Hi
George,
Like many results of
using equations what you get out depends on what you put in
{:>).
1st there
is 42.41 BTU/min per HP. So 42.41 *270 = 11450.7 BTU/Min - as you
calculated BUT (big but)
that is the heat energy needed to produce 270 HP that is NOT the waste heat energy you need to get rid
of. The amount you calculated is basically the heat energy
to produce 270 HP of mechanical work (turning the prop). What you want
to figure out is how much waste heat you need to get rid of (that
is - the heat energy not
used to rotate the prop). That waste heat is the heat that has not/can not be used to produce
mechanical work. Waste heat is generally gotten rid of two ways out
the exhaust stack and through convection (coolant and oil) system in our
engines.

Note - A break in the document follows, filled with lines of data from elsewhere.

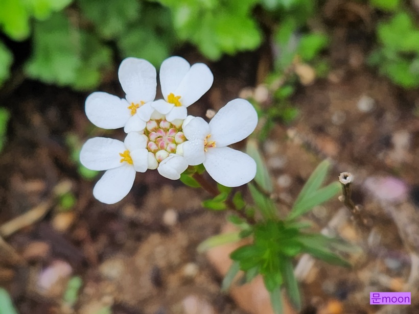4개의 하얀꽃잎에 노란꽃술.. 가운데 꽃망울도 앙증맞습니다.
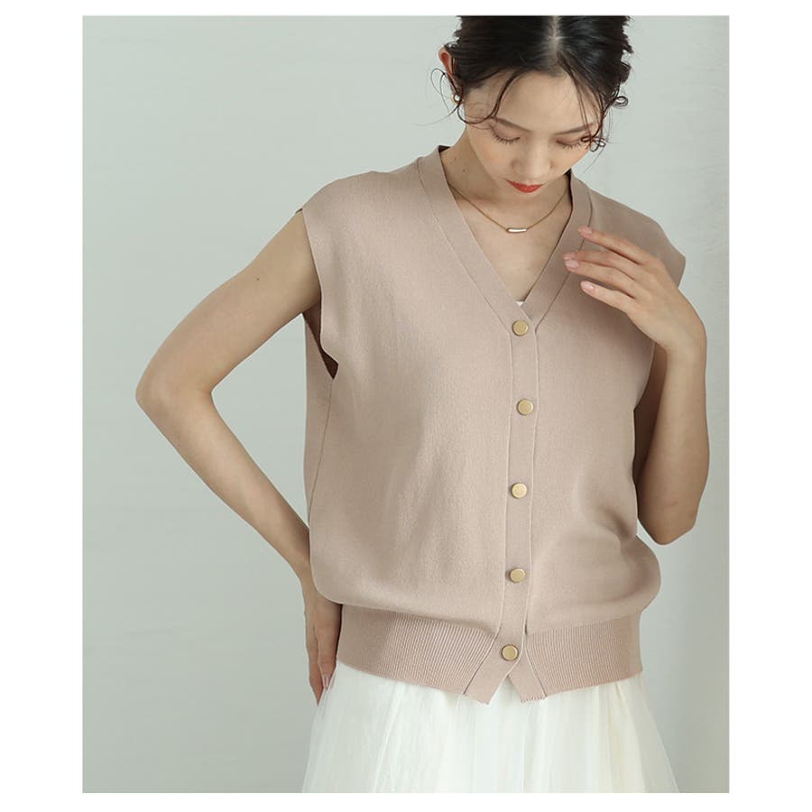 ハンサムライクなゴールド調ボタンVネックサマーニットベスト レディース ファッシ…
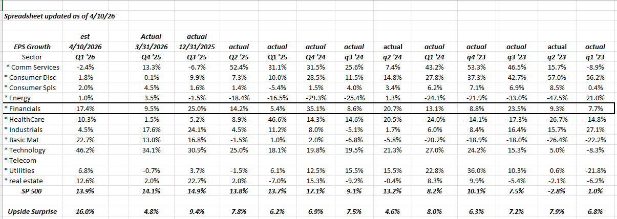 The one interesting aspect to the financial sector numbers, is that Q1 ’26 is lapping a pretty weak quarter in Q1 ’25. In Q1 ’25, the financial sector EPS growth was just +5.3%, while actual revenue growth was just +3%.
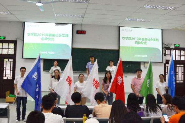 仪式开始,辅导员王彬介绍了番号鸽 2019年暑期社会实践整体情况,学院社会实践以“助力精准脱贫 聚力乡村振兴”为主题,主要围绕中华人民共和国成立70周年主题宣讲、科技支农、脱贫攻坚、环保科普、公益帮扶、岗位见习等6个方面开展。启动仪式上,辅导员为“爱国知农,青年力量”农科学子暑期社会实践服务团等3支校级重点团队及“种业现状调研与种子生产实践调研团”等12支院级重点团队授旗。

So you are primarily interested in how much heat you must get
rid of by convection (coolant and oil) systems.
Here is my method and
how I got the 8288 BTU/min . Again, your calculation does gives
you the amount of heat energy in BTU that produces 270 HP - that heat
has been used doing work by your engine, however, that is NOT the heat you are getting rid of
through your coolers . For cooling purposes, you want to find the
BTUs of heat energy you need to get rid of that is NOT producing power -
or in other words - the waste heat (I think I repeated myself).
Again,
the HP of work your engine is producing is NOT the heat energy that you have to get
rid of through your two cooling systems (radiators and oil coolers) (oops
repeated myself again but the distinction is crucial!)
Here is how I arrived
at my figures for the waste
heat. There is more than one way to do this for sure and the
results depends a lot on your heat allocation (more on that in a
bit).
Using a air/flow and
air density and a formula for a 3 rotor, I calculated that at a 12.65:1
air/fuel ratio (best power so not cruise {:>)) that you would burn around
25.2 GPH at 270 HP.
Using the old and
simply (but good) approx power formula, I calculate HP = 25.2 * 6 /0.55
= 274.9 HP which is pretty close to the results (270 HP) of my more
complex calculation
which is based on
engine air/flow and fuel mass consumed at that ratio. So 25.2 GPH is a pretty
valid figure for our fuel consumption at that
power.
However, I
calculate engine HP from a different approach (got to make it more complex,
you know {:>)). My approach is based on the total
number of BTU in the amount of fuel
ingested by the
engine to meet the power requirement (270 HP) with following heat energy
allocation: If your percentage of energy allocation is different, then
you will get a different results:
24% = HP (useful
mechanical work) some folks may think this is too conservative, but I tend
to be that way when calculating HP.
50%= out the
Exhaust
26% = Cooling Waste
(coolant + oil)
We know coolant = 2/3
of 26% Cooling Waste and the oil = 1/3.
There is approx
19000-20000 BTU/lbm in gasoline (I use 19000 BTU/pound to be a bit
conservative besides 100LL has less energy than 87 Mogas
{:>)
So with 25.2 GPH * 6
lbm/gallon = 151 lbm/hour/60 = 2.52 lbm/min of gasoline is being
burned to produce the energy so out engine produces 270
HP.
So 2.52 *19000
BTU/Lbm = 47880 BTU/min total
energy of the fuel consumed per minute at the 25.2 GPH rate.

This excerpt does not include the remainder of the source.